Task details
Your task is to copy the lines of the data below from the line holding "スエード オーバル バックル スティレットヒール" through the line holding "Der kombinierte Wohn- und", inclusive, exactly and with nothing added.

Data for processing

<<<<

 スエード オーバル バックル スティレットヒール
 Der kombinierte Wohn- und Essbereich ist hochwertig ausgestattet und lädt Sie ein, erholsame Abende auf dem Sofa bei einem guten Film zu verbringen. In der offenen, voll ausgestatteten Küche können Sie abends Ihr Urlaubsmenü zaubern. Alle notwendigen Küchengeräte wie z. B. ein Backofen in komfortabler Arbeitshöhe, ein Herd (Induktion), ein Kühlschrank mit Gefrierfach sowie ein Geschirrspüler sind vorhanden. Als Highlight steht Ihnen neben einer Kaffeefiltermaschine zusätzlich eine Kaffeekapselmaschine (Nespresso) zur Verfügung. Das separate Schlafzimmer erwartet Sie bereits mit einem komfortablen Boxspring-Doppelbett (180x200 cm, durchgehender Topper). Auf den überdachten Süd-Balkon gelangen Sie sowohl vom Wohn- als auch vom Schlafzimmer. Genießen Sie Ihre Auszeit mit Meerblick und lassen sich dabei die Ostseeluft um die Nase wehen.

>>>>
<<<<

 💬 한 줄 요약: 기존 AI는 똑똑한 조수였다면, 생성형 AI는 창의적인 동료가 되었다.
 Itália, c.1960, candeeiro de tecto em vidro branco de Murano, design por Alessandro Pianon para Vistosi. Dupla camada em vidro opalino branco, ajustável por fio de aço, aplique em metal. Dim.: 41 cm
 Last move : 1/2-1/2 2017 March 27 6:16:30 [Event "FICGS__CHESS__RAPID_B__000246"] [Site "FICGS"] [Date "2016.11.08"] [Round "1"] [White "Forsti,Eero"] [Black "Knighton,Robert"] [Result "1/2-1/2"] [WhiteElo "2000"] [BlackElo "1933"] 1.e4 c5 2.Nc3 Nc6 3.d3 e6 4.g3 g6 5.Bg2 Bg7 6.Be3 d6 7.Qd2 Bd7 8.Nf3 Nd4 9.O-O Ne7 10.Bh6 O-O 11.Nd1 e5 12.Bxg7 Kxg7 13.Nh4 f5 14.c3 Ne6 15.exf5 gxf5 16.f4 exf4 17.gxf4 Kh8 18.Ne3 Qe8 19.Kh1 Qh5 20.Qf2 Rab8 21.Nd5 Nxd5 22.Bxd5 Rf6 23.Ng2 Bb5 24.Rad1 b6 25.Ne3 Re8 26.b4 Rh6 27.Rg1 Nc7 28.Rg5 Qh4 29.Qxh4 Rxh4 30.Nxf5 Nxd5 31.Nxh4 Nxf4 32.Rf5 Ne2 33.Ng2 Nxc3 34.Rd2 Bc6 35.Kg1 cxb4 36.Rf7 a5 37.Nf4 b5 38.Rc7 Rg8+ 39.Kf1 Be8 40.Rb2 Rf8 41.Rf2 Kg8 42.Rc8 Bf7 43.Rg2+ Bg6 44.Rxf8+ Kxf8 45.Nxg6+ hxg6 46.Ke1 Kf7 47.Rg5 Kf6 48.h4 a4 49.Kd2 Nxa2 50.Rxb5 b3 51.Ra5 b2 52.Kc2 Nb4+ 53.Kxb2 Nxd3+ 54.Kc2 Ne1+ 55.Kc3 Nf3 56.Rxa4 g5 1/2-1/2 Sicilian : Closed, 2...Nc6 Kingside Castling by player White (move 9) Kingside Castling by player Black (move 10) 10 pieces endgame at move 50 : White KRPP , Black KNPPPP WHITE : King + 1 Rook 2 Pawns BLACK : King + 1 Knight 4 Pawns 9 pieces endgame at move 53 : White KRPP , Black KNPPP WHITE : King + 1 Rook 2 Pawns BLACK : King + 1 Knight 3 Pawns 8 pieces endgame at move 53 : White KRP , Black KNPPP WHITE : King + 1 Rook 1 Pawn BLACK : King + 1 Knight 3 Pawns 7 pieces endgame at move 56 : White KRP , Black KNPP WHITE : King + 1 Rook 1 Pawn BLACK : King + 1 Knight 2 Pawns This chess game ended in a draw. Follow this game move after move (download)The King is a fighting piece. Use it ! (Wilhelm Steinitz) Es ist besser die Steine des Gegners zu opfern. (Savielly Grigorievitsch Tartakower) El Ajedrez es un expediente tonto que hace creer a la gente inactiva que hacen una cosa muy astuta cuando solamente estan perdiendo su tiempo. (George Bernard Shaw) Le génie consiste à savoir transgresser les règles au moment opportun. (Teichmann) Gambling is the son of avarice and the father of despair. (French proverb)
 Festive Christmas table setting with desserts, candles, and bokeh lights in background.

>>>>
<<<<

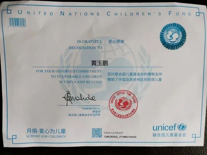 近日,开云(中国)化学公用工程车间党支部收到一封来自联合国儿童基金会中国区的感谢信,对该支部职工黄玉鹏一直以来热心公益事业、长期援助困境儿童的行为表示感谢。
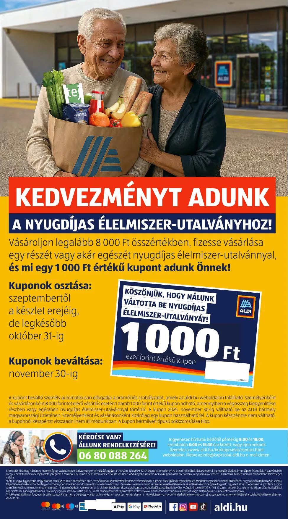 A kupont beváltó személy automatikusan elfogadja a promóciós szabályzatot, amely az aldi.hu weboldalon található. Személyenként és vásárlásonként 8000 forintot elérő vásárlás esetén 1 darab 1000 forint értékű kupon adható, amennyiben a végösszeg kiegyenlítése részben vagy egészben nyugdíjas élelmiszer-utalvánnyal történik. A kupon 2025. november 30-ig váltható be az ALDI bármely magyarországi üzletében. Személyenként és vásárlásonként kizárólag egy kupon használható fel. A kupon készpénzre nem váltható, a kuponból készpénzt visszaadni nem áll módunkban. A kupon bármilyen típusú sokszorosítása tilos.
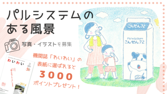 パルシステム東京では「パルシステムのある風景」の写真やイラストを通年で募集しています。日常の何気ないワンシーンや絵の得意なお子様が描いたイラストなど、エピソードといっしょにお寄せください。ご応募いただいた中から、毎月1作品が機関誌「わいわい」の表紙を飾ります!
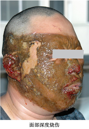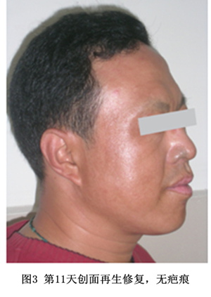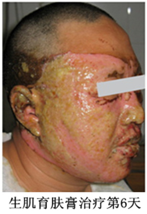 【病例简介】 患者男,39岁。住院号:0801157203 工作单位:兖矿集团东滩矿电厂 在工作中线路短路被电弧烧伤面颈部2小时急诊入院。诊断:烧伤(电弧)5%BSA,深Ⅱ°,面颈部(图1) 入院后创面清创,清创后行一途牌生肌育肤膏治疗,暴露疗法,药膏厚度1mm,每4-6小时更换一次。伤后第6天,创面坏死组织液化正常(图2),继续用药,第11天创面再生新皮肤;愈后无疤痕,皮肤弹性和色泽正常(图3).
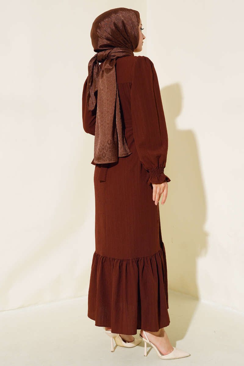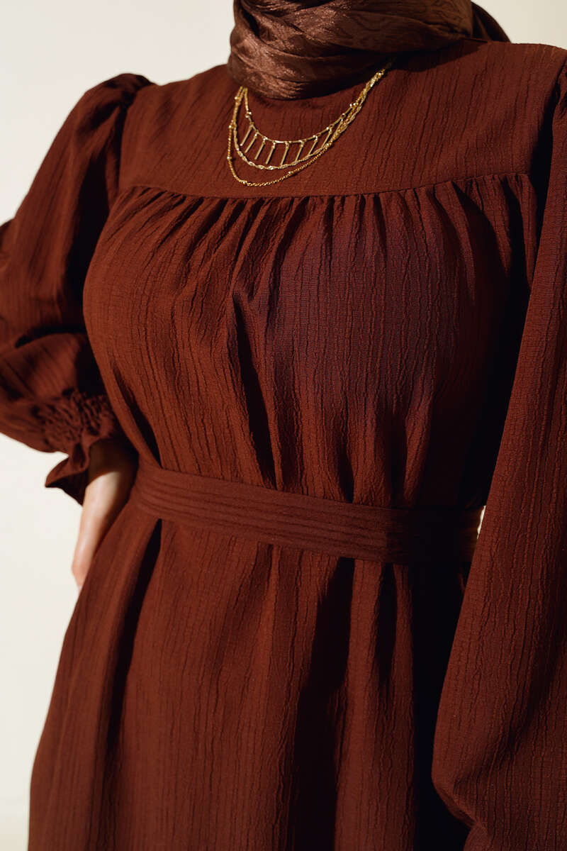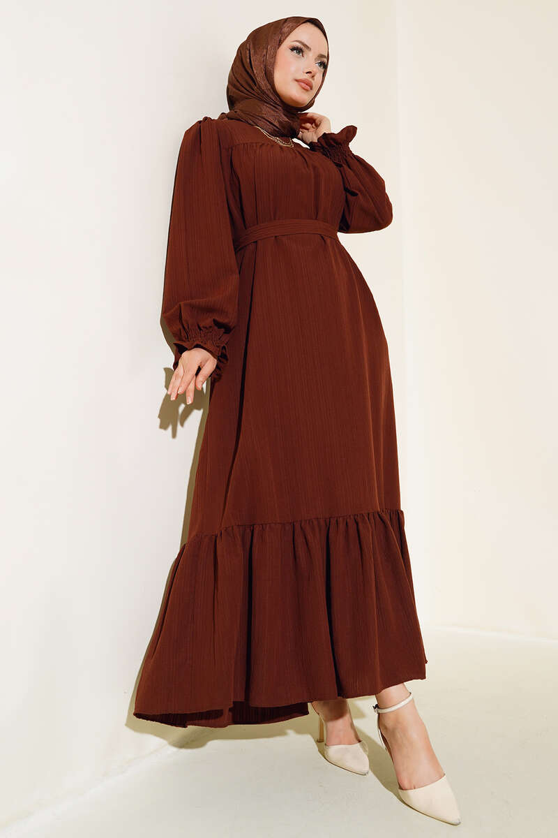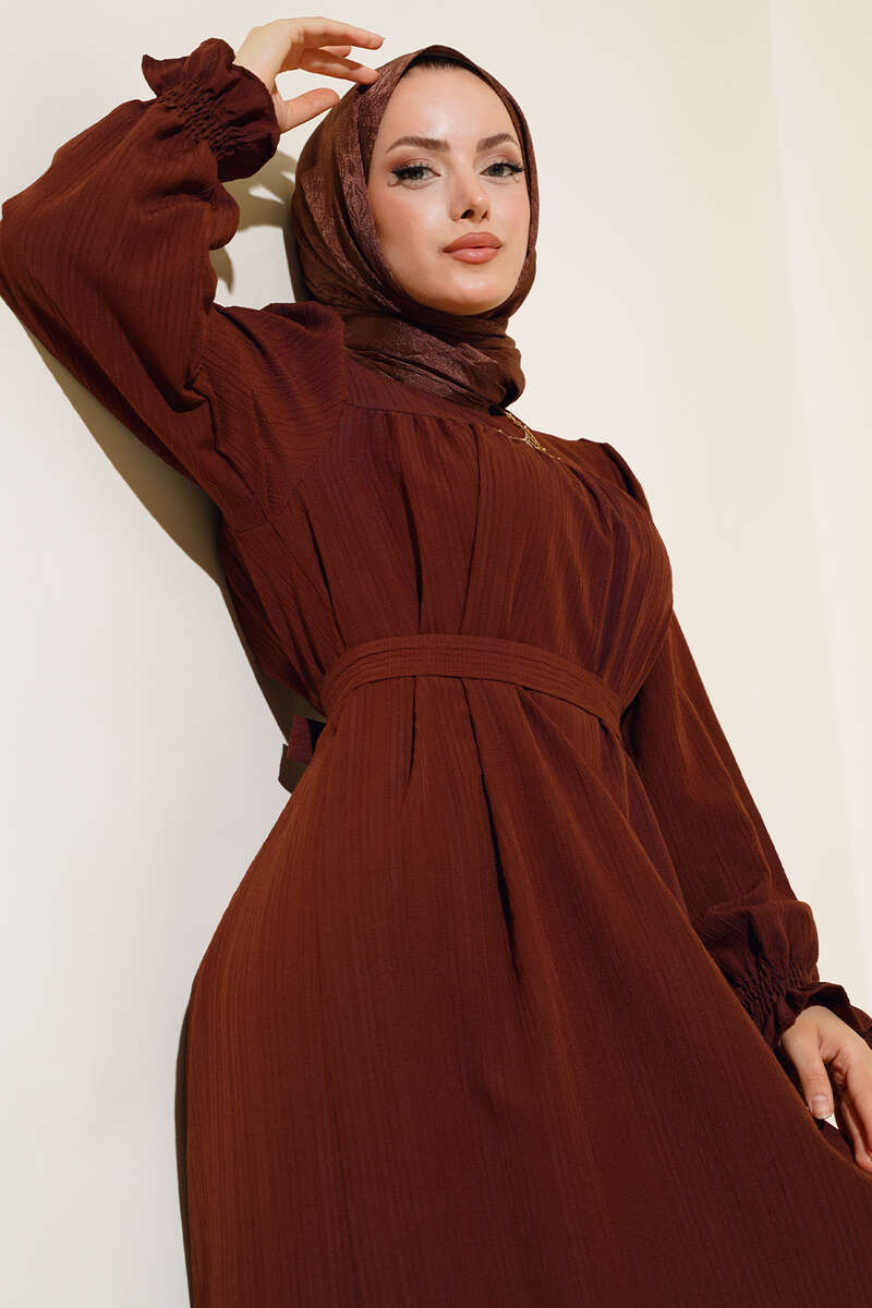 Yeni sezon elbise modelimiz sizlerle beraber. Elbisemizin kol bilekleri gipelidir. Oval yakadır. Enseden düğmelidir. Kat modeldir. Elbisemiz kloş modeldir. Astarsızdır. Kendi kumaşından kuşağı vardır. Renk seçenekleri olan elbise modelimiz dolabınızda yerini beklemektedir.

>>>>

Solution to the problem
 スエード オーバル バックル スティレットヒール
 Der kombinierte Wohn- und Essbereich ist hochwertig ausgestattet und lädt Sie ein, erholsame Abende auf dem Sofa bei einem guten Film zu verbringen. In der offenen, voll ausgestatteten Küche können Sie abends Ihr Urlaubsmenü zaubern. Alle notwendigen Küchengeräte wie z. B. ein Backofen in komfortabler Arbeitshöhe, ein Herd (Induktion), ein Kühlschrank mit Gefrierfach sowie ein Geschirrspüler sind vorhanden. Als Highlight steht Ihnen neben einer Kaffeefiltermaschine zusätzlich eine Kaffeekapselmaschine (Nespresso) zur Verfügung. Das separate Schlafzimmer erwartet Sie bereits mit einem komfortablen Boxspring-Doppelbett (180x200 cm, durchgehender Topper). Auf den überdachten Süd-Balkon gelangen Sie sowohl vom Wohn- als auch vom Schlafzimmer. Genießen Sie Ihre Auszeit mit Meerblick und lassen sich dabei die Ostseeluft um die Nase wehen.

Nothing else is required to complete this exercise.